We need some help! We want her to work out and be with us- but we don't want to be attacked.


----------



## texasred (Jan 29, 2012)

"We plan on taking her to places off leash- mostly dog parks near by-(or hiking trails- when she actually listens outside) "

You have a ways to go, before she will listen outside. But she will never learn to listen outside, unless she is taken there. 
Each thing you teach in the house, will have to be retaught in each new place you take her. 

Contact your breeder for tips on getting you through this stage. 
Then contact your local vizsla club, and vizsla rescue. They should know some trainers/behaviorist is your area.
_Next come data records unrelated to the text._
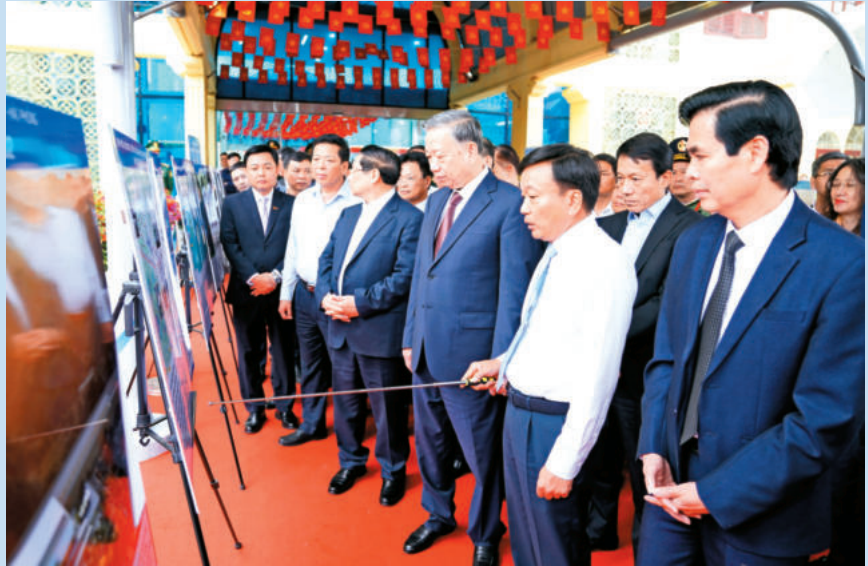
Tổng Bí thư Tô Lâm và Thủ tướng Chính phủ Phạm Minh Chính nghe thuyết trình quy hoạch tuyến đường sắt Hà Nội - Đồng Đăng. / General Secretary To Lam and Prime Minister Phạm Minh Chinh listen to a presentation on the planning of the Ha Noi - Dong Dang railway line.

Developing railway connectivity between Vietnam and China should be regarded as a strategic breakthrough in bilateral economic cooperation and an integral component of Vietnam's strategy for infrastructure, logistics, and regional linkage development in the coming period. It is necessary to establish a unified coordination mechanism at the national level, ensuring centralized leadership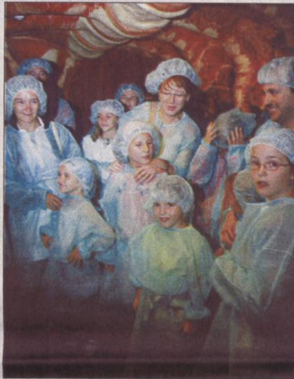
Unos niños se adentran en las profundidades de los pulmones.

Mujer Gigante" nos llevará a través de siete escenarios diferentes, el primero de ellos, una carpa cerrada en la que los expedicionarios deberán ataviarse con batas y gorros de qui-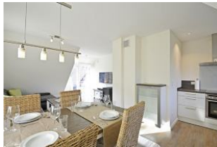
hier sitzen Sie in gemütlicher Runde zusammen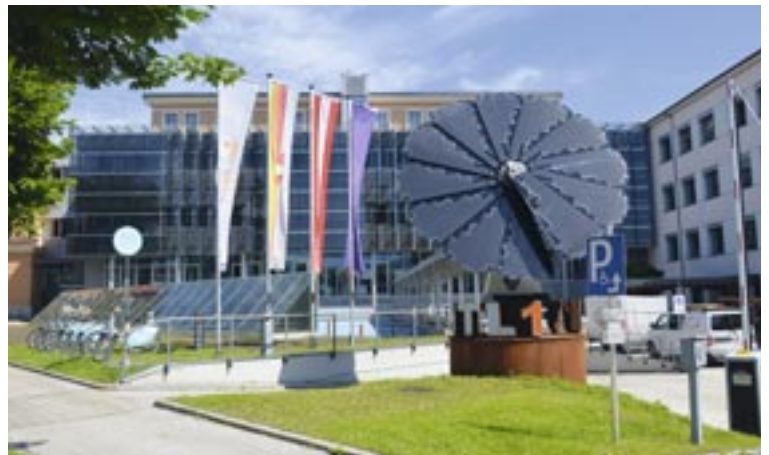
Der Strom aus den PV-Anlagen bei der HTL-Lastenstraße soll künftig gespeichert und unter anderem für E-Ladestationen verwendet werden.

Durch das derzeit ohnehin reduzierte Abendleben sowie aufgrund einer noch nicht optimal entwickelten digitalen Buchungsmöglichkeit konnten die Erwartungen jedoch bisher nicht erfüllt werden. Daher wird das Pilotprojekt vorerst eingestellt und das derzeitige Abend-Buslinienprogramm beibehalten. Sobald sich das gesellschaftliche Leben normalisiert hat ist – so Verkehrsreferentin Stadträtin Sandra Wassermann – ein neuerlicher, adaptierter Probetrieb geplant.

First ones can be a handful, and some don't realize just how nippy they can be. Look up bite inhibition.


----------



## Bob Engelhardt (Feb 14, 2012)

CSF said:


> ... She does seem to be frightened/excited/curious sometimes by dogs barking or loud trucks. I have tried picking her up and letting her know it okay ...
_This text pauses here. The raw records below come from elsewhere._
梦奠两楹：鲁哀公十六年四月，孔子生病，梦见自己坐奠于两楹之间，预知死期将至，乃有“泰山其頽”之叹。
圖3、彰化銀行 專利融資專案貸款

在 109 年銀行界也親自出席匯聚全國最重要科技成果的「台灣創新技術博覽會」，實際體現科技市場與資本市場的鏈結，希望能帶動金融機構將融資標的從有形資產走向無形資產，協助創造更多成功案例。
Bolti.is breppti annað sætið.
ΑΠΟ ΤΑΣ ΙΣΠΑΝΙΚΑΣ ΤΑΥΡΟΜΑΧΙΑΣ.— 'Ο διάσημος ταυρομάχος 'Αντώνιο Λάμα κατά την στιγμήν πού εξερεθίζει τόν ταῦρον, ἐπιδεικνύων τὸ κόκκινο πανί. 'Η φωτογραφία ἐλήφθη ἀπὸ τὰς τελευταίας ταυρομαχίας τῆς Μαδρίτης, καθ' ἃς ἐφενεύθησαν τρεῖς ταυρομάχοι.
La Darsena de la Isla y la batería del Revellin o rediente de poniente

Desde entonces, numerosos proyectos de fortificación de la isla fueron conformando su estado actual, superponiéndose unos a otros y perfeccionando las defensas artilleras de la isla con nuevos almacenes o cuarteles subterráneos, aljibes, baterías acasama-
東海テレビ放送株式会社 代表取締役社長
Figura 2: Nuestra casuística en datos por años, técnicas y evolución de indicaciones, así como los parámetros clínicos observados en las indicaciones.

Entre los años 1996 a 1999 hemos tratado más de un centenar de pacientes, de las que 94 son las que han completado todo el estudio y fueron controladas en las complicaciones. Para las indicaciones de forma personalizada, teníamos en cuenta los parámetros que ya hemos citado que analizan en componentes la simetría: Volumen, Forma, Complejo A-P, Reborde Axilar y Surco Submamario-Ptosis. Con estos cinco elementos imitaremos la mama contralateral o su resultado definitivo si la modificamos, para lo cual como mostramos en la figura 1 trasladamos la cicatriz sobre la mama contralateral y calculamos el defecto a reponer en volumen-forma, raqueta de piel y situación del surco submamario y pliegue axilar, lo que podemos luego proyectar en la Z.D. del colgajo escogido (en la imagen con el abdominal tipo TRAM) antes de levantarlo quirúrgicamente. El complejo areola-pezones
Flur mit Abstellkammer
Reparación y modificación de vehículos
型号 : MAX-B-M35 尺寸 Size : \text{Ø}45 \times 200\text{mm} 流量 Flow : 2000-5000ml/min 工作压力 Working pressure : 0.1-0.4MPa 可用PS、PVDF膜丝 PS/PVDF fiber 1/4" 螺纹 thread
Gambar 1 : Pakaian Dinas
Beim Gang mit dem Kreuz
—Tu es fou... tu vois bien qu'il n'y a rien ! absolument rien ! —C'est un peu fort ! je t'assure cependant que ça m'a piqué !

Most of the time your best response is no response. Act as if the situation is perfectly normal. Comforting her can reinforce her feeling that it is a bad situation.

Now, as to the sharkies: didn't anyone tell you? No, I know there is no way that anyone could be prepared for them. The 2 things that you need to know first is that they are perfectly normal for a V, and that they _will_ stop. Some people have had some success in mitigating them, but there is no guaranteed approach. If you use the Advanced Search (in Tools) on "shark" and "sharkies" in the _title_, you will get the more on-point threads. But there will still be lots and lots of them.
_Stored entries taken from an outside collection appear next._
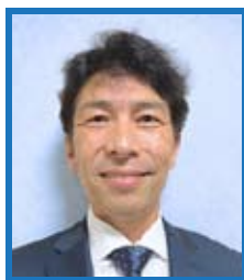
関西繊維商品めんてなんす研究会 株式会社太陽クリーニング 小野江CA担当理事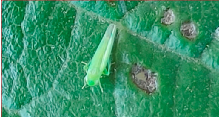
Mosquito verde sobre una hoja

Este cicadélido, que hizo su aparición a mediados del mes de junio, ha ido generalizando su presencia en todas las zonas de la comunidad, aunque por el momento en niveles inferiores a la campaña pasada debido a las condiciones climatológicas que se han producido hasta el momento. Conforme las temperaturas aumenten, es previsible que también lo haga la presión de esta plaga, por lo que se debe prestar especial atención a plantaciones jóvenes y viveros, ya que es donde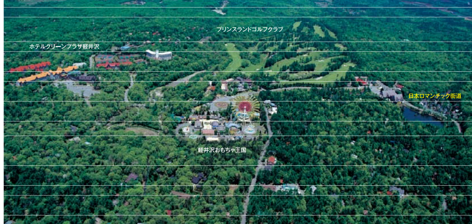
プリンスランドゴルフクラブ

期間:2009年5月30日(土)~6月28日(日) ※特定日のみの催事もございます。詳しくは中面をご覧ください。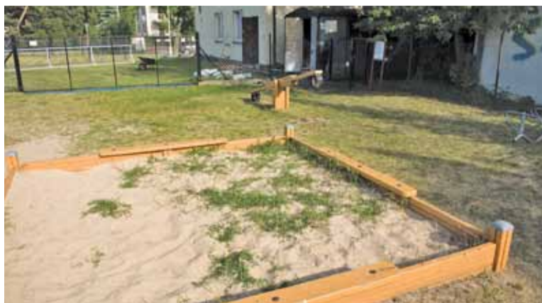
Piaskownica zamienia się w ogródek

– Infrastruktura techniczna jest zaniedbana i w fatalnym stanie, przez co zagraża bezpieczeństwu dzieci. Jako dowód przesyłam zdjęcia, na których widać m.in. popękane konstrukcje od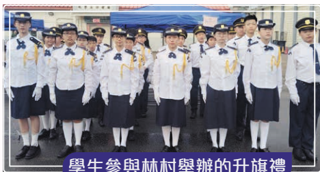
學生參與林村舉辦的升旗禮

為慶祝中華人民共和國成立 75 周年，林村鄉公所聯同大埔區青年發展及公民教育委員會，於 2024 年 9 月 21 日假林村許願廣場舉辦「林村升旗台開幕典禮暨大埔區愛國教育制服團隊大滙操」。我校升旗隊參加了這莊重的儀式，展現了對國家的忠誠與榮譽。這些活動不僅增強了學生的社會責任感，也培養了他們對國家的認同感和驕傲。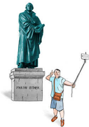
illustratie gemma pauwels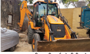
प्रशासन द्वारा सीज की गई जेसीबी और ट्रैक्टर।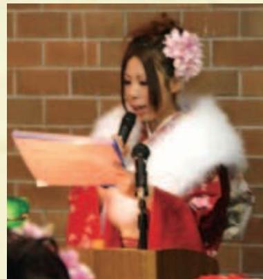
「これまで親に頼っていたので自立するだけでなく周りの人も支えていきたい」 「実行委員としてみんなの意見をまとめるのが大変だったけど、今日はみんなの協力でうまくいったと思います」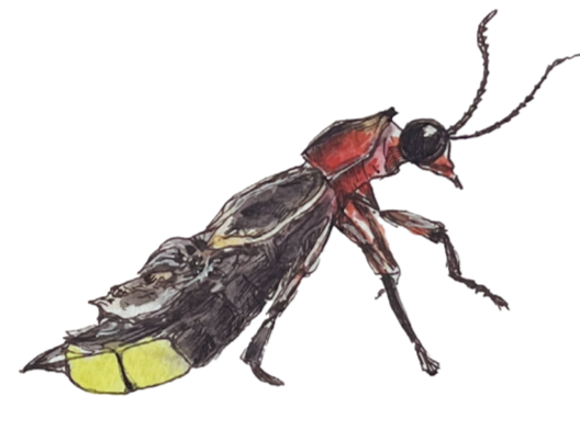
- LUCCIOLA - Luciola italica

Some day you will be reading a post here from someone in desperation over sharkies and you'll remember how desperate you were and how it did pass. The logic of it - that it has to pass, in a more-or-less reasonable time, is because if it didn't no one would ever own a Vizsla!


----------



## CSF (May 19, 2017)

So far a better week then last week- today Piper went a little crazy tonight and the only thing that settled her was her crate for a bit. 
Seems like the water bottle keeps her in check 99% of the time- she will get off the furniture-if you just show it to her. 
I have been bringing high reward treats with us on walks and she is so focused on the treats- she can hardly walk The spray bottle keeps the Sharkies away even on walks right now- Also learning to read her and find out why- she is Sharking us on walks- overtired and overstimulated seems to be the main reasons right now. 
We have a elementary school grassy football field (completely fenced) within a few blocks on our house that I will be taking her to hopefully as soon as her shots are done- as I know other dogs visit that area as well. 
Thank you everyone for your comments- I think just know that this is Vizsla puppy behavior is a big help.
Still think I will want a trainer for us though
Though she does have my husband trained to let her out of her crate and snuggle on his lap until 6:30 or 7:00 AM


----------



## DixieDawg (May 28, 2017)

Hi CSF. Our first Vizsla will be 12 weeks on Tuesday. Our experience is mainly with German Shepherds (though we have owned other dog breeds as well) but I wanted to share some thoughts and/or advice that may be useful as we seem to be "enjoying" similar behaviours. Our pup also knows OFF and NO BITE but because she wants our attention (good or bad) will repeatedly do things sometimes just for our reaction (sounds like your couch episode). Because Vizslas do not like to be ignored and we do not have a fully contained empty indoor space where we can put her for a time out, we do put her in crate when she is repeatedly not listening or we are sick of our own voices telling her NO or OFF. We never put her in there immediately after telling her not to do something. We wait a moment, pick her up, talk softly and put her in her crate. Sometimes she barks for a minute and then settles down. We ignore her for about 15 minutes and then let her out (unless she has fallen asleep). We have also started saying the negative commands in a softer voice (we have never yelled them, of course, but we were sharper and that seemed to "excite" her more). In summary, giving her a bit of alone time to calm down and saying the "do not do that" commands in a softer voice are working really well for us.


----------